La duda y la inseguridad rondan inevitablemente al cristiano no católico, que lee las


Escrituras en libre examen, que carece de guía jerárquica, de leyes eclesiales, de penitencia
sacramental. La disciplina eclesial católica, por el contrario, suscita y expresa una vivencia
comunitaria y objetiva del Evangelio: es un camino para andar juntos, es una casa donde convivir.
Dígase lo que se quiera, los ambientes disciplinados, jerarquizados, estructurados, con tradiciones,
fiestas, doctrinas, leyes y costumbres, suelen ser alegres y sanos, mientras que son tristes e insanos
los ambientes individualistas y subjetivos, informes y cambiantes, arbitrarios y anómicos. Esto es
así.
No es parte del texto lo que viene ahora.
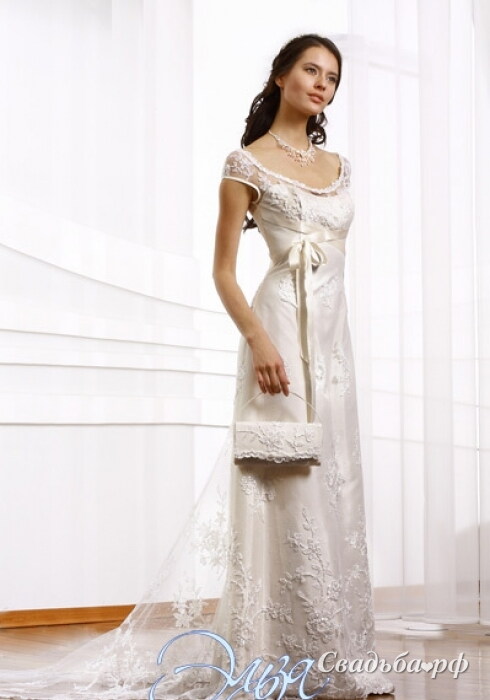 Женственный наряд с вырезом-лодочкой на груди и миниатюрными рукавами-фонариками создан для романтичных натур. Завышенная талия украшена атласным поясом с бантом. Длинная юбка прямого покроя дополнена верхним слоем из тонкого кружева и невесомым шлейфом. В салоне представлен большой выбор свадебных аксессуаров и свадебной обуви.

Los primeros son ambientes conformes a la naturaleza humana, los segundos son contra naturam.

–La ley eclesial defiende a los débiles, a los ignorantes, a los que no tienen poder ni en el mundo
ni en la Iglesia. Los defiende de sí mismos, pues sin ella quedarían abandonados a su mediocridad.
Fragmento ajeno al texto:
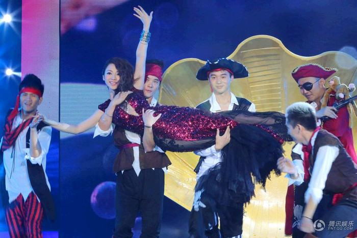 | Trang phục tiếp theo của Liễu Nham giống như một cô mèo đen bên cạnh các nam vũ công với trang phục có tông màu tương tự như nữ ca sĩ. |

Los defiende también de las presiones arbitrarias de personas o grupos ilustrados, asilvestrados, no
socializados en la verdadera Iglesia, a los cuales no sabrían resistir. Y más aún, también defiende la
ley canónica a las personas o comunidades de aquellos Pastores sagrados que abusan de su autoridad
o que no resuelven los conflictos según justicia y derecho, sino según personalismos arbitrarios y
conciliaciones ignominiosas. Cuando ciertas Autoridades eclesiásticas no respetan ni aplican la ley
canónica, cuando gobiernan fuera de la ley o contra ella, se producen graves daños en personas e
instituciones, que a veces solo pueden ser superados por la fiel aplicación de las propias normas de
la Iglesia.

–La ley es un medio salvífico temporal, histórico, que cesa en la plenitud del Reino, donde
«Dios será todo en todos» (1Cor 15,28). Es ahora cuando normas y leyes son necesarias en la
sociedad familiar, escolar, cívica o religiosa.
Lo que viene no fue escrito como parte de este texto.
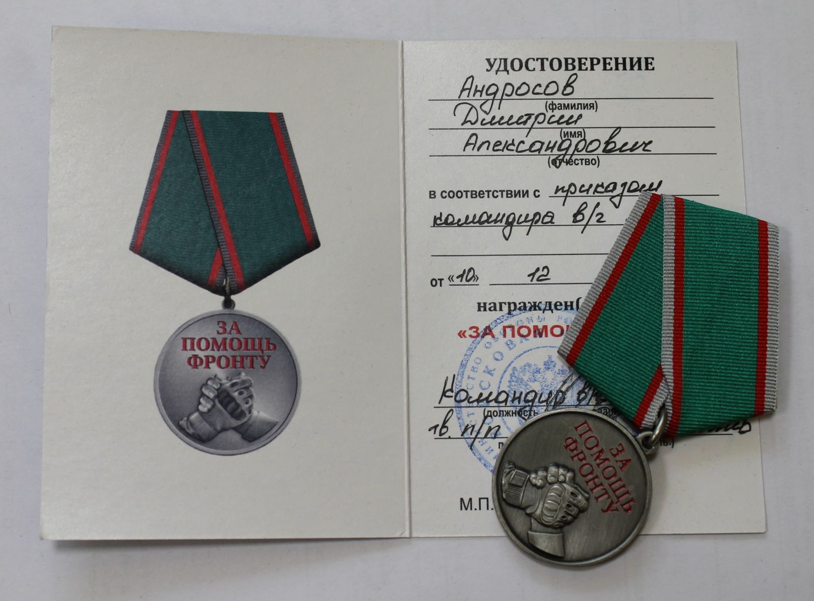 Медаль "За помощь фронту", которую вручили нашим однопартийцам представители воинской части – это не просто награда за работу, которая уже проделана и продолжается, но – символ того, что фронт и тыл едины! Символ нашей общей силы духа, общего стремления к победе!

El padre Congar decía que «una pura Iglesia del Espíritu es una tentación en la que muchos
movimientos sectarios han caído; pero es una tentación. La Iglesia terrestre no es solamente realidad
de comunión, sino también instrumento y sacramento de esta comunión. La Tradición afirma sin
cesar que omnis prælatura cessabit, en el sentido de que en la escatología no habrá ya jerarquía
–sólo la de la santidad–, ni dogmas, ni sacramentos, ni derecho canónico, ni ningún medio exterior
de este género. Ni siquiera habrá evangelio, en el sentido de un texto que se lee, pues el mismo
Verbo se comunicará a todos, luminoso y viviente» (Variations sur le theme loi-grace).